Fig. 2 (Source: Video obtained by UCS through the FOIA)

An estimated 50,000 gallons of water flooded Unit 1. Workers periodically manipulated valves to allow flood water to drain into the emergency core cooling system (ECCS) pump room sumps where it was transferred to an outdoor collection tank. Their efforts successfully prevented any safety components from being disabled and Unit 1 continuing operating through the rainfall.

When the dust dried, workers found four other electrical conduits that lacked proper flood barriers. The six conduits passed through the reactor auxiliary building wall below the design bases flood elevation. Consequently, they should have been equipped with flood barriers, but the required barriers had not been provided. These six conduits were not part of the plant’s original design, but had been installed via modifications implemented in 1978 and 1982.

The NRC issued a White finding, the second least serious among its Green, White, Yellow and Red classification scheme, on November 19, 2014, for two violations of regulatory requirements:

[F]rom November 26, 2012, until January 9, 2014, the licensee failed to promptly identify and correct conditions adverse to quality involving missing external flood barriers in the Unit 1 reactor auxiliary building (RAB). Specifically, the licensee performed flooding walkdowns in response to the NRC’s “Request for Information Pursuant to Title 10 of the Code of Federal Regulations 50.54(f)” … and failed to identify missing internal flood barriers on six conduits that penetrated the Unit 1 RAB wall below the design basis external flood elevation. This condition was identified when the site experienced a period of unusually heavy rainfall on January 9, 2014, and approximately 50,000 gallons of water entered the … RAB through two of the six degraded conduits in the ECCS pipe tunnel.

and

[F]rom 1978 and 1982 until 2014, the licensee failed to translate the design basis associated with external flood protection into specifications, drawings, procedures and instructions. Specifically, permanent change modifications (PCM) 77272, “Primary Water Degassifier and Transfer Pump” and PCM 80105, “Waste Monitor Tank Addition,” implemented in 1978 and 1982 respectively, added six power supply conduits in the emergency core cooling system (ECCS) pipe tunnel that penetrated the Unit 1 RAB wall below the design basis external flood elevation and did not include internal flood barriers to protect safety-related equipment from the effects of a design basis external flood event.

In other words, the owner violated federal regulations in 1978 and 1982 by not providing flood barriers with the installed conduit and re-violated federal regulations in 2012 by not finding the flood barriers missing when commanded by NRC to do so after Fukushima.

UCS Perspective

In the letter transmitting the White finding to the plant’s owner, NRC noted that the severity of the two violations of federal regulations would normally have also resulted in a $70,000 fine, but explained:

Because your facility has not been the subject of escalated enforcement actions within the last two years, the NRC considered whether credit was warranted for Corrective Action in accordance with the civil penalty assessment process in Section 2.3.4 of the Enforcement Policy. … Therefore, to encourage prompt identification and comprehensive correction of violations, and in recognition of the absence of previous escalated enforcement action, I have been authorized, after consultation with the Director, Office of Enforcement, not to propose a civil penalty in this case.

What?

Because your facility has not been the subject of escalated enforcement actions within the last two years” is largely because the owner violated federal regulations by not finding, fixing, and reporting the missing flood barriers on the six electrical conduits that factored in the January 9, 2014, flooding event.
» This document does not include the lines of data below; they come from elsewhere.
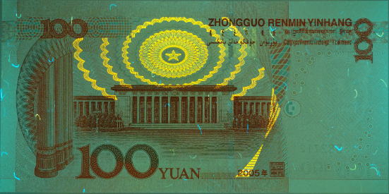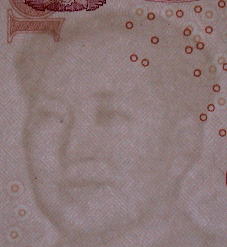 | 人民元(新デザインのみ)には表裏ともに、1面だけでは意味を成さない模様(または符号)が印刷されている。右の写真にみられる赤い円と半円状の受話器に似たマークがそれだ。 |
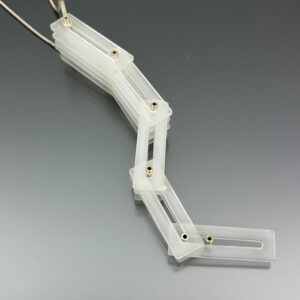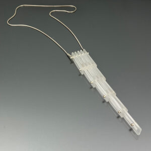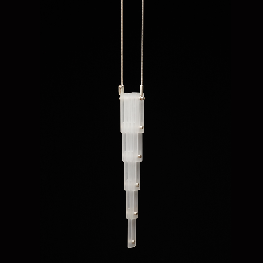 La collana Empire è composta da 15 elementi mobili in vetro borosilicato, uniti da 6 piccole “traverse” in argento e una catena anch’essa in argento. Il vetro è tagliato con un getto d’acqua, levigato e rifinito a mano per creare l’effetto bianco satinato. Questa collana si ispira ai grattacieli Art Déco di New York e Chicago.
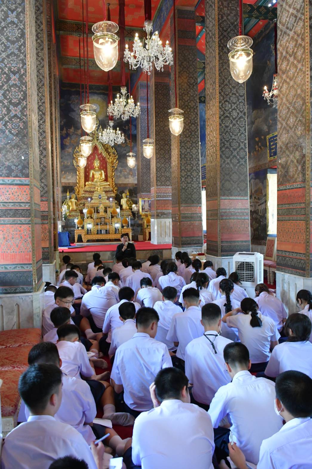 ในการนี้พระเดชพระคุณพระเทพมงคลโสภณ เจ้าอาวาสวัดเสนาสนารามราชวรวิหาร ได้เมตตาอนุเคราะห์จัดอาหารกลางวันและเอื้อเฟื้อสถานที่ในการรับประทานอาหารกลางวันแก่คณะครูและนักเรียนอีกด้วย
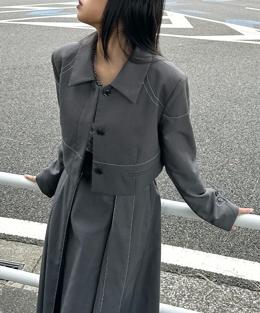 他の画像を見る 【50%OFF】 Stitched design cropped jacket ORIGINAL CLEARANCE SALE 定価 ¥ 7,920 → ¥ 3,900 税込 販売期間 2024/09/22 20:00 〜 カートに入れる お気に入りに登録する
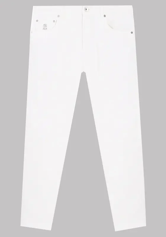 Джинсы Brunello Cucinelli цвета белого — это воплощение итальянского стиля и философии Соломео, где ценятся утончённость и внимание к деталям. Изготовленные из премиального денима с добавлением эластана, они обеспечивают комфорт и свободу движений в любом повседневном сценарии. Деликатная обработка материала подчёркивает высокое качество изделия, создавая универсальный силуэт, который гармонично вписывается в гардероб современного мужчины. Эти джинсы станут отличным дополнением как к повседневному образу, так и к более формальным ансамблям. Их можно сочетать с лёгкими рубашками и свитерами для создания непринуждённого стиля, или с пиджаками и классическими обувными моделями для более официальных мероприятий. Доступные в размере 52, они подчеркнут вашу уверенность и чувство стиля в любой ситуации. Выбирая джинсы от Brunello Cucinelli, вы выбираете утончённость и итальянскую элегантность.
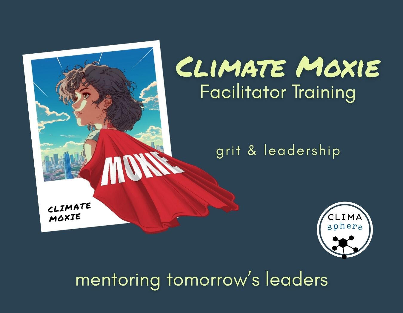 -- guidance and feedbackThis program is provided to the community at a value rate starting at $25, depending on your budget.Ready to become a Climate Moxie Facilitator? See our LUMA event & training calendar to check upcoming dates. To be notified of future training dates, look for the NOTIFY link on middle-right of the calendar page, or contact. Register, fill out the application form.Training fees are the cost of this service.
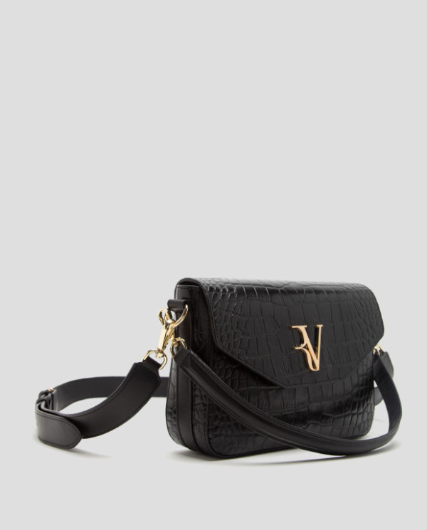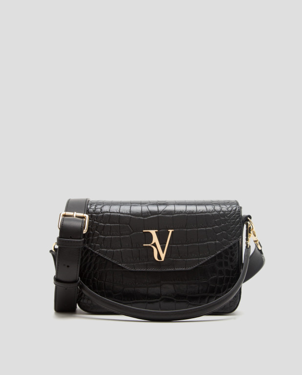 Bolso bandolera en piel grabado coco color negro con solapa personalizada con logo RV y cierre con imán. Interior forrado y compartimentado con bolsillo abierto. Acabados metálicos en color oro claro. Asa bandolera regulable de 129 a 114 cm y asa de hombro de altura 20 cm. Medidas aproximadas: 24 x 18 x 6 cm.
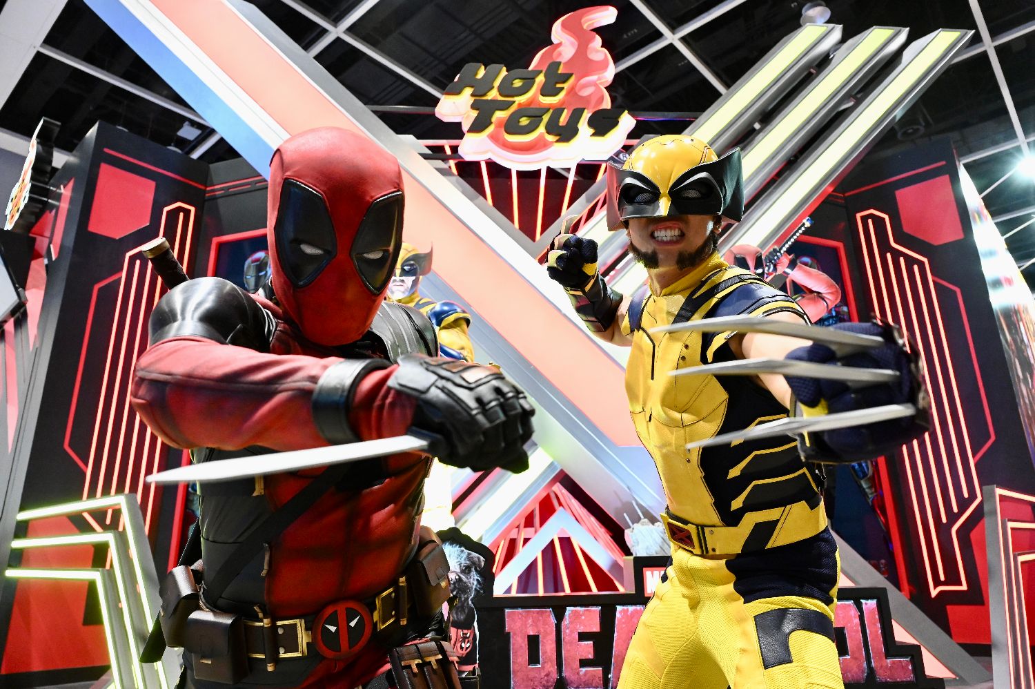 工作人员扮演漫威系列电影《死侍与金刚狼》中的角色。中新社
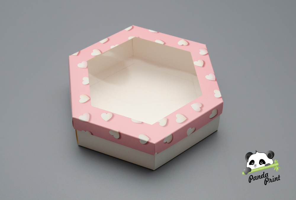 Коробка с прозрачным окном 200х200х60 шестигранная 3D сердечки белые на розовом (белое дно)
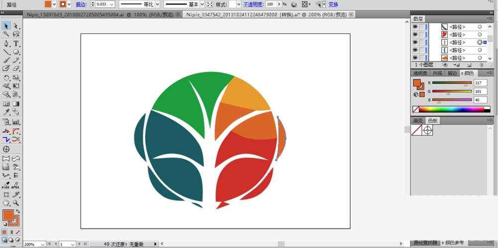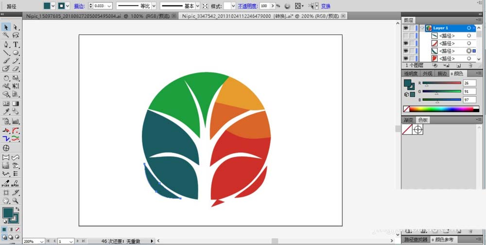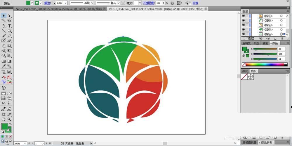 6、最后,我们在标志的顶端绘制出绿色的圆弧块与橙黄色的圆弧块,完成教育行业标志设计。
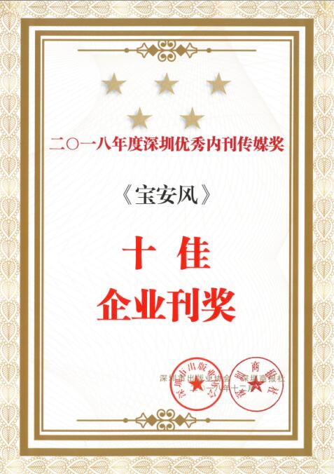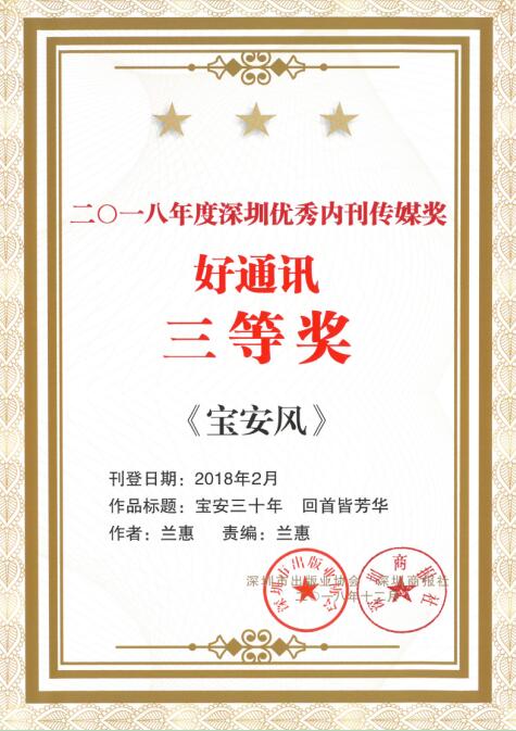 12月14日, 2018深圳內(nèi)刊界總結(jié)交流大會(huì)暨“優(yōu)秀內(nèi)刊傳媒獎(jiǎng)”表彰大會(huì)召開(kāi),集團(tuán)內(nèi)刊《寶安風(fēng)》在四百多家企業(yè)內(nèi)刊中脫穎而出,再度獲評(píng)“十佳企業(yè)刊獎(jiǎng)”,同時(shí)斬獲“優(yōu)秀經(jīng)濟(jì)專(zhuān)題”等3個(gè)單項(xiàng)獎(jiǎng)。

So, the reason the owner has a clean slate over the past two years is because the owner violated federal regulations two years ago that would otherwise have uncleaned that slate. Who says crime doesn’t pay?

“…to encourage prompt identification and comprehensive correction of violations” ignores a key fact—the NRC does not need to “encourage” owners to do these things. A federal regulation, specifically Appendix B to 10 CFR Part 50, requires owners to find and fix problems in a timely and effective manner. Thus, the NRC does not need to encourage owners; it merely needs to enforce regulatory requirements.

Is the White finding without the usual (and entirely appropriate) $70,000 fine a slap on the wrist of this owner?

I don’t know. But I do know that it is a slap in the face of the many plant owners who took the NRC’s order seriously by doing a thorough job of walking down their plants for flooding and earthquake vulnerabilities and remedying all deficiencies (not just a token one or two).

By “encouraging” owners who perform badly, the NRC is discouraging owners who perform well. It takes time and effort (i.e., MONEY) to do it right and saves time and effort (i.e., MONEY) to do it wrong. The NRC must discourage wrong-doing and encourage right-doing. All the NRC need do is merely enforce its regulations instead of meekly encouraging violators of safety regulations. If the NRC cannot or will not enforce safety regulations, then like Elvis it should leave the building.

For over 30 years, St. Lucie operated without flood barriers it was required by federal regulations to have. After flooding melted three reactors at Fukushima, the NRC ordered St. Lucie’s owner in 2012 to take extra steps to ensure required flood protection measures were adequate. The owner informed the NRC in November 2012 that only one deficiency had been found and it had been remedied. Rainfall in January 2014 revealed several other deficiencies. The owner, once again, claimed that all deficiencies have now been remedied.

Maybe the owner is finally right about flood protection at St. Lucie. Maybe not. What is entirely certain is that St. Lucie is adequately protected against flooding—unless a flood happens. That flood might reveal still more deficiencies for the NRC to “encourage” the owner to promptly find and comprehensively fix (assuming the reactor still hasn’t melted down.)

The only reason this event goes into the “under-regulation” bin is that there are no lower bins for it.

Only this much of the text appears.